- Opening Delimiter -

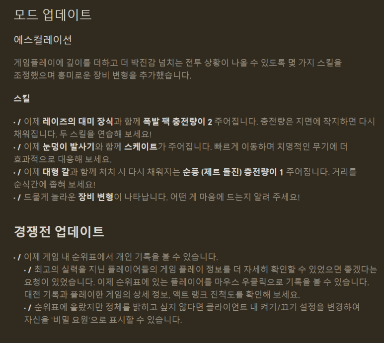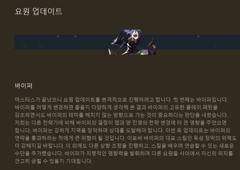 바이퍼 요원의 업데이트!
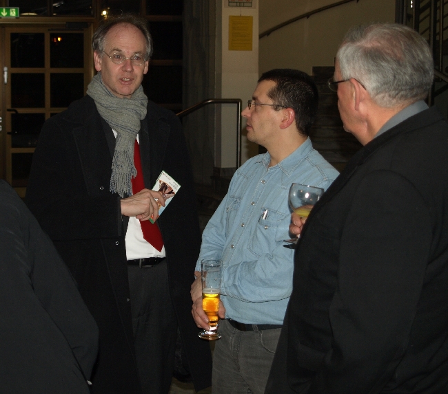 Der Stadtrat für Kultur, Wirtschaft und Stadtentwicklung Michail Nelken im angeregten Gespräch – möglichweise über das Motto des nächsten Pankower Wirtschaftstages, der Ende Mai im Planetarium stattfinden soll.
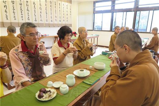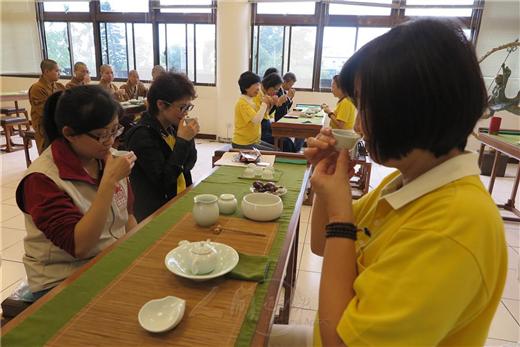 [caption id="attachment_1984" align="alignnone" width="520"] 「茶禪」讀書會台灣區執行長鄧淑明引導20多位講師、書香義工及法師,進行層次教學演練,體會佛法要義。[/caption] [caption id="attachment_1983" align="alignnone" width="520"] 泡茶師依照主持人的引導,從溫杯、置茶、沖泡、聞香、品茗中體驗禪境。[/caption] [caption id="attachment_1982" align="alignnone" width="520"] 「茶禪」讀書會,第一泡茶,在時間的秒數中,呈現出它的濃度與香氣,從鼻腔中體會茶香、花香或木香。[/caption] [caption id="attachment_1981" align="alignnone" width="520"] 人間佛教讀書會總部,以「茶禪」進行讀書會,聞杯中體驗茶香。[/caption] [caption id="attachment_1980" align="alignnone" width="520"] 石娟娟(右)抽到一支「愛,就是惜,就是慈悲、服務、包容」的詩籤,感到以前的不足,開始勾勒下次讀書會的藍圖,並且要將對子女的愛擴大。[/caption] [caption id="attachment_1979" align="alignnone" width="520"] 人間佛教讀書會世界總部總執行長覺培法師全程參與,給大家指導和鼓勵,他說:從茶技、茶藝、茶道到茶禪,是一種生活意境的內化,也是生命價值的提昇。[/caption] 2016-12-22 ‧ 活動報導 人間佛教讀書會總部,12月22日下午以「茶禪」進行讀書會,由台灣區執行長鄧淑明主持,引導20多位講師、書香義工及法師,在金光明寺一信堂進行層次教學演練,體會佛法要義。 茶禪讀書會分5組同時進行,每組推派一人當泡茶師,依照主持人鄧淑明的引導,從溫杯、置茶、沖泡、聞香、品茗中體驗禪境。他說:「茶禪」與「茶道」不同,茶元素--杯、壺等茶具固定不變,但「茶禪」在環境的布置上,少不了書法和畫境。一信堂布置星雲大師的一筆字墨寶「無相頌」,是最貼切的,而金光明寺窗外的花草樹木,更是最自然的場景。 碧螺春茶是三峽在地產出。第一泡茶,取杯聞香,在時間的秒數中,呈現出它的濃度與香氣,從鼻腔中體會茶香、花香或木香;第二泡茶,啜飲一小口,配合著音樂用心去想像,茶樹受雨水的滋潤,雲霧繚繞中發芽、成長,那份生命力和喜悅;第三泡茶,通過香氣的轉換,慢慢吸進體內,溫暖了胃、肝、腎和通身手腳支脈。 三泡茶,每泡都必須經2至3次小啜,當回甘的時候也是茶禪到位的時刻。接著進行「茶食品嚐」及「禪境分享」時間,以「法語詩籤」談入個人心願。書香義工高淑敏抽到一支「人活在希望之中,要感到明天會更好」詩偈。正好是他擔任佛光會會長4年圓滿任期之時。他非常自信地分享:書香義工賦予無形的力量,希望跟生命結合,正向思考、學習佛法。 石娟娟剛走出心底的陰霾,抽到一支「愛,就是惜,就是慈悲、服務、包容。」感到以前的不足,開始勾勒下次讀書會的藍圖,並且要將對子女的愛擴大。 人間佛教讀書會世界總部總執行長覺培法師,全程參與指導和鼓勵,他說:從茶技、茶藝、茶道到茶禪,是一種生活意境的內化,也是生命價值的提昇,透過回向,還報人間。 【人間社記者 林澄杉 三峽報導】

- Closing Delimiter -
- Opening Delimiter -

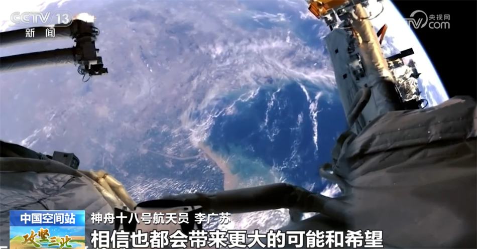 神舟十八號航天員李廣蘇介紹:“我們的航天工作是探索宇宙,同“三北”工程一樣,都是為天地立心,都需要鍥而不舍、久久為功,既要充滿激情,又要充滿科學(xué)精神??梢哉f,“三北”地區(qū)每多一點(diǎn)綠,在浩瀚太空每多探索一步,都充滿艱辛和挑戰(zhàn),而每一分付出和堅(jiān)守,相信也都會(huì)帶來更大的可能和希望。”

- Closing Delimiter -

What is being asked: Above, find the line holding "바이퍼 요원의 업데이트!" and the line holding "Der Stadtrat für". Print exactly those two lines and every line between them, but no pictures.

Answer:
 바이퍼 요원의 업데이트!
 Der Stadtrat für Kultur, Wirtschaft und Stadtentwicklung Michail Nelken im angeregten Gespräch – möglichweise über das Motto des nächsten Pankower Wirtschaftstages, der Ende Mai im Planetarium stattfinden soll.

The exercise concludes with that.